Arbeitgeber auf dem Prüfstand

Geschrieben am 05.02.2008 um 08:52 Uhr von Jeanette-Freya Enders

 

jobvoting.jpgInternetportale über Internetportale! Ich habe in dieser Richtung schon lange nichts Neues mehr aufgetan. Heute ist es wieder einmal so weit. Neben einer nicht enden wollenden Anzahl an Social Communities mit dem Ziel der Bespaßung ihrer Mitglieder oder auch deren beruflich relevanter Vernetzung sowie Bewertungsportalen für Schüler; Lehrer, Unis etc. geraten langsam auch die Arbeitgeber in Bedrängnis.

Nach dem gleichen Prinzip wie MeinProf.de, wo Studenten die Möglichkeit haben ihre Dozenten zu bewerten, funktioniert das ganze auch bei Jobvoting.de.

In einem Vorstellungsgespräch stellen sich Unternehmen und Firma einander vor. Ein intensives gegenseitiges Kennenlernen ist nur selten möglich. Die Folge davon ist, dass einem die Details des Gegenübers, seien sie nun gut oder schlecht, oft verborgen bleiben. Bewertungsportale wie Jobvoting.de versuchen Abhilfe zu schaffen. Noch fehlt es Seiten dieser Art an der entsprechenden Aufmerksamkeit, aber ich bin mir ziemlich sicher, dass die Nutzerzahl weiter steigen wird.

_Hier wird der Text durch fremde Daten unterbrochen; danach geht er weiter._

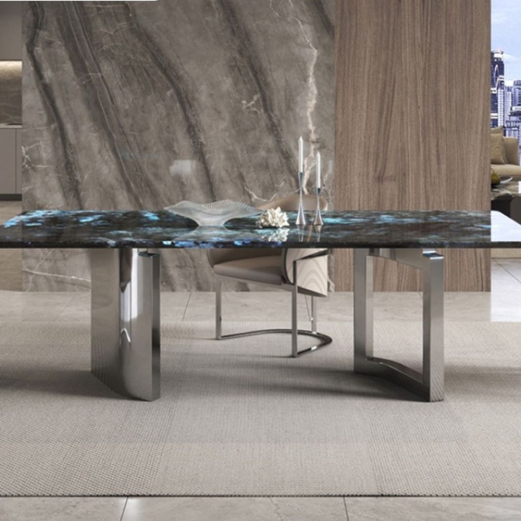 Bàn Ăn Phong Cách Ý, Bàn Ăn Hình Chữ Nhật Thép Không Gỉ, Bàn Ăn Mặt Đá Ceramic 2 Chân Trụ
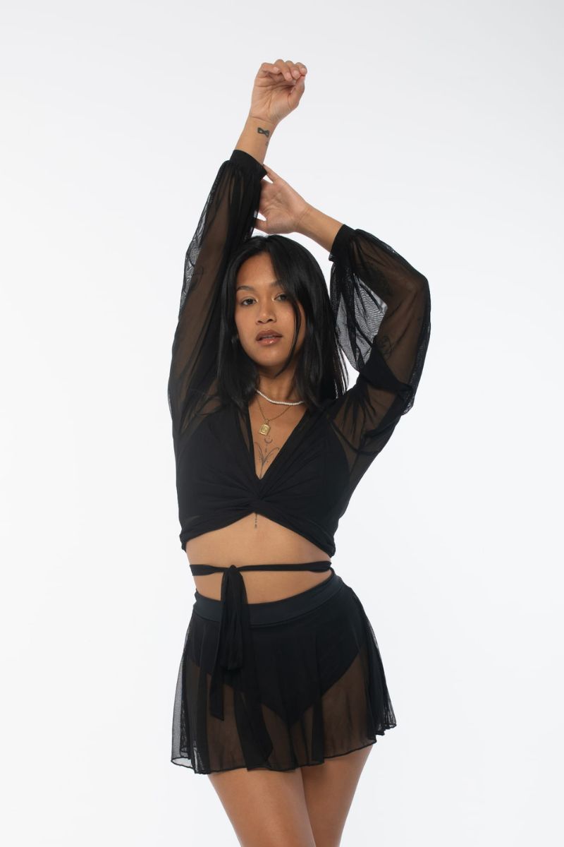 For the pole dancers who LOVE mesh, these bottoms are for you. Featuring built in shorts and a mesh skirt overlay, these bottoms will have you flowing straight in to your next choreo class.
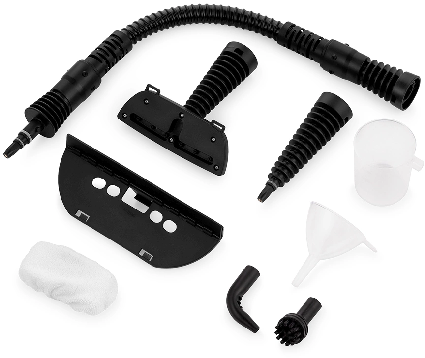 | Насадки в комплекте | струйная насадка, угловая насадка, круглая нейлоновая щетка, паровой шланг, насадка для отпаривания, тряпка для отпаривания, насадка с резиновым скребком | |
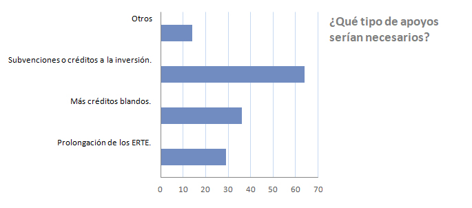 ¿Qué tipo de ayudas? De todo tipo, pero sobre todo subvenciones o créditos a la inversión (64%), seguidos por créditos blandos y por prolongación de los ERTE.
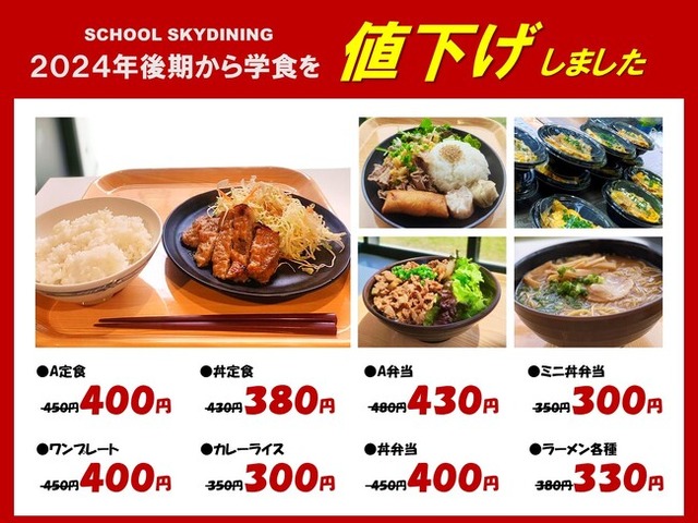 しかしながら、昨今の世界的な物価高騰を受けて「食」の面でさらなる支援の必要性が生じていると判断し、令和6年9月19日(木)より、学生食堂(SKY DINING)の一部メニューの価格を50円値下げして販売しています。今回の値下げ以前より、学食運営委託会社(株式会社コトブキスマイル:代表取締役 小柏 剛)は物価の高騰にもかかわらず、販売価格の据え置きや値上げの抑制に尽力いただいてきましたが、さらなる学生の経済的負担を軽減するため、後援会の助成(後援会の予算から補填)により、今回の値下げが実現いたしました。
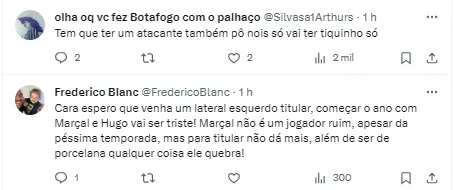 “Temos conversado diariamente, com Mazzuco e Alessandro, sobre as posições que temos que buscar. Vamos tratar internamente porque a gente sabe como funciona o mercado para preservar as pessoas. O Botafogo hoje tem uma rede de monitoramento muito bem estruturada, tem uma base de equipe e creio que a gente precisa ser muito assertivo em posições pontuais pensando em qualificar esse elenco para 2024”

Die Bewertung des Arbeitgebers durch seine Arbeitnehmer erfolgt natürlich anonym. Man kann zwischen einer Kurzbewertung und einer ausführlichen Variante wählen. In der ausführlichen Bewertung werden neben einer Gesamtbeschreibung der Gegebenheiten im Unternehmen die Kollegen, Vorgesetzen und Aufgaben benotet. Daneben existiert die Möglichkeit, über ein Freitextfeld die gemachten Erfahrungen in eigenen Worten wieder zu geben.

Was der Seite leider noch fehlt ist eine Art „Über Jobvoting”-Seite (oder auch FAQs). Bei meinem ersten Besuch war ich von der Fülle an Informationen auf der Startseite reichlich überrannt. Eine Rubrik dieser Art würde dem einen oder anderen Besucher sicher weiter helfen. Auch eine genauere Erklärung dazu, ob die abgegebenen Bewertungen durch das Team überprüft werden (um zu unsachliche Bewertungen oder solche, in denen reale Namen genannt werden zu überarbeiten) findet sich leider nicht.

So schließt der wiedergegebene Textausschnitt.